Americans United for Separation of Church and State, the American Civil Liberties Union, and the ACLU of Connecticut have filed a lawsuit in federal court over a public school district's decision to hold this year's graduation ceremonies in a Christian megachurch.

The groups, which filed suit Wednesday on behalf of two Enfield High School seniors and three parents, are charging that the Enfield Public Schools' decision to hold their graduation ceremonies at First Cathedral in Bloomfield "excessively entangle[s]" the district with religion and is – for a number of reasons – in violation of the Establishment Clause of the Constitution.

"Public school students have a right to attend their graduation without feeling like they're taking part in a religious service," says the Rev. Barry W. Lynn, executive director of Americans United. "The use of a church for this important milestone is clearly inappropriate."

The American Center for Law and Justice, which is defending the district, however, insists that the use of First Cathedral, also known as the First Baptist Church of Hartford, does not constitute a violation of the Establishment Clause.

It says the main reason the Enfield School District chose to hold graduation at First Cathedral was financial. The church, ACLJ argues, is $8,000 to $40,000 cheaper than holding graduations at comparable facilities – a claim that AU rejects.

The Baptist megachurch also reportedly provides "the best amenities," including ample seating and parking, advanced audio visual capabilities and "general comfort for graduates and their families."

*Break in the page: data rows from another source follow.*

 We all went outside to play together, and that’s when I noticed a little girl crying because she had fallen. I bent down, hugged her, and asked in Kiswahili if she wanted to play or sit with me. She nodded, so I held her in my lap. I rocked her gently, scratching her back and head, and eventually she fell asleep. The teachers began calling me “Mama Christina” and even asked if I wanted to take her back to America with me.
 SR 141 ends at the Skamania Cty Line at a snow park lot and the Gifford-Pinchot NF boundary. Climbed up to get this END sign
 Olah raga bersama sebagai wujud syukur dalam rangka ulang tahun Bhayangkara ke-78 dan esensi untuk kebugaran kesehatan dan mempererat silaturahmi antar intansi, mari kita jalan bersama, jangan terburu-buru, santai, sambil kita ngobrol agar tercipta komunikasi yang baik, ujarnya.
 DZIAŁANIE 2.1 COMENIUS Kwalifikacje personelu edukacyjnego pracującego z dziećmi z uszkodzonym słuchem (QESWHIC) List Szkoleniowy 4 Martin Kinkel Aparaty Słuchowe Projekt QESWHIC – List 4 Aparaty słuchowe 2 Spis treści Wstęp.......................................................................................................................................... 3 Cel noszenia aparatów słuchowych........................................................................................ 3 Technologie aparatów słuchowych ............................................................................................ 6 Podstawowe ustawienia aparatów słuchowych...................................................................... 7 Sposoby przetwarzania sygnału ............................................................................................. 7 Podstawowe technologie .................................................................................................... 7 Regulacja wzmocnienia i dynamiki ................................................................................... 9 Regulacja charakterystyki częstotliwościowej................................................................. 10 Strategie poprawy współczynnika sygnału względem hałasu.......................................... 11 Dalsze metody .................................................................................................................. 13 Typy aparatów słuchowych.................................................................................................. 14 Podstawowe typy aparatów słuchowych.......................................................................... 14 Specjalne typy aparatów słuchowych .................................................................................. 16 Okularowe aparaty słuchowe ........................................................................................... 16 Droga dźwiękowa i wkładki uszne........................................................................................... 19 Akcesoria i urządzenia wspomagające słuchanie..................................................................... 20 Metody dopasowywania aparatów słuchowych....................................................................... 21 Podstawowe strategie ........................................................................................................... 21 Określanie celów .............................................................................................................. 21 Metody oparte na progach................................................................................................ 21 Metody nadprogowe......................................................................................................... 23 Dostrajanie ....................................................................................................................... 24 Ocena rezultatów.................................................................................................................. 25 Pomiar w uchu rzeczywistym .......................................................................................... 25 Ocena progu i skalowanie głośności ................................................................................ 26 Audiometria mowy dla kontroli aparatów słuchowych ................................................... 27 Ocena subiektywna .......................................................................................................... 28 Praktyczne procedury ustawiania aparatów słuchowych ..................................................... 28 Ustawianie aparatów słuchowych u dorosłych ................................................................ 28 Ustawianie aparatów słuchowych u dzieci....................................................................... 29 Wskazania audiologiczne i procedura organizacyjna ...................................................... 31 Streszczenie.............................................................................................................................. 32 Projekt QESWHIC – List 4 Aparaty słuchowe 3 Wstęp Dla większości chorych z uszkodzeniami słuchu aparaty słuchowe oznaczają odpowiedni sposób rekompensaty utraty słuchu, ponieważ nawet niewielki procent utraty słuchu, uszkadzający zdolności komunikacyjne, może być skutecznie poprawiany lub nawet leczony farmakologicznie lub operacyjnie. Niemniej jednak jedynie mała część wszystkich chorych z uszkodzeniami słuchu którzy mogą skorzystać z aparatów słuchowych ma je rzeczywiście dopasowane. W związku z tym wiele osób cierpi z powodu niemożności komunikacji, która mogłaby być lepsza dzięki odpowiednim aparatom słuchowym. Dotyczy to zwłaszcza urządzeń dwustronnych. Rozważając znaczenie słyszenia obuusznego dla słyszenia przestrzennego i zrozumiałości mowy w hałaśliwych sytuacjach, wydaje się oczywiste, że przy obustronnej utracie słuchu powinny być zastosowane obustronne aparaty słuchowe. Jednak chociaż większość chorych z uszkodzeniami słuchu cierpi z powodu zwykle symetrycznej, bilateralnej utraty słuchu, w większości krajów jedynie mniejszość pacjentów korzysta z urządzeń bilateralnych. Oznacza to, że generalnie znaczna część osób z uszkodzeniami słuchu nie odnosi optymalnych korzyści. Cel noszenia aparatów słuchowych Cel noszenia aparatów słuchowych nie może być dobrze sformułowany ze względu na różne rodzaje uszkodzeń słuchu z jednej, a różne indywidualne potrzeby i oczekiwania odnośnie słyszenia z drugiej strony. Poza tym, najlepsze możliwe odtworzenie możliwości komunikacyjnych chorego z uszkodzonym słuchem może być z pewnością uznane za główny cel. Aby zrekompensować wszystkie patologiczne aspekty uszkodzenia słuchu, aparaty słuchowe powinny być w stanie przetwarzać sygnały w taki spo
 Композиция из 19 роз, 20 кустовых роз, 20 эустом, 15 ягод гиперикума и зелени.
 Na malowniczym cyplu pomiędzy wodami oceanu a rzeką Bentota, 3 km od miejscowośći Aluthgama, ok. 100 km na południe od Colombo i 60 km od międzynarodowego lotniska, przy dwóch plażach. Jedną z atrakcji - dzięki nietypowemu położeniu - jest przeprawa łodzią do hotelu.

Furthermore, student support for the cathedral venue was found to be very strong. Student Board of Education representatives from both Enfield and Fermi High School stated that, after polling their fellow classmates, the vast majority wanted graduation to be held at the church. Also, students at both high schools signed a petition in support of the church venue.

"The law in this area is clear and well established and the United States Supreme Court has decided numerous cases involving public schools and the Establishment Clause," says ACLJ Senior Counsel Vince McCarthy, representing the school district. "Once again, those seeking to marginalize religion in America have turned the clearly secular use of a religious building into needless litigation."

According to the Establishment Clause of the U.S. Constitution's First Amendment, "Congress shall make no law respecting an establishment of religion." The prohibition, through the Due Process Clause of the U.S. Constitution's Fourteenth Amendment, applies to the official acts of local governmental entities, including public schools.

The case is Does v. Enfield Public Schools.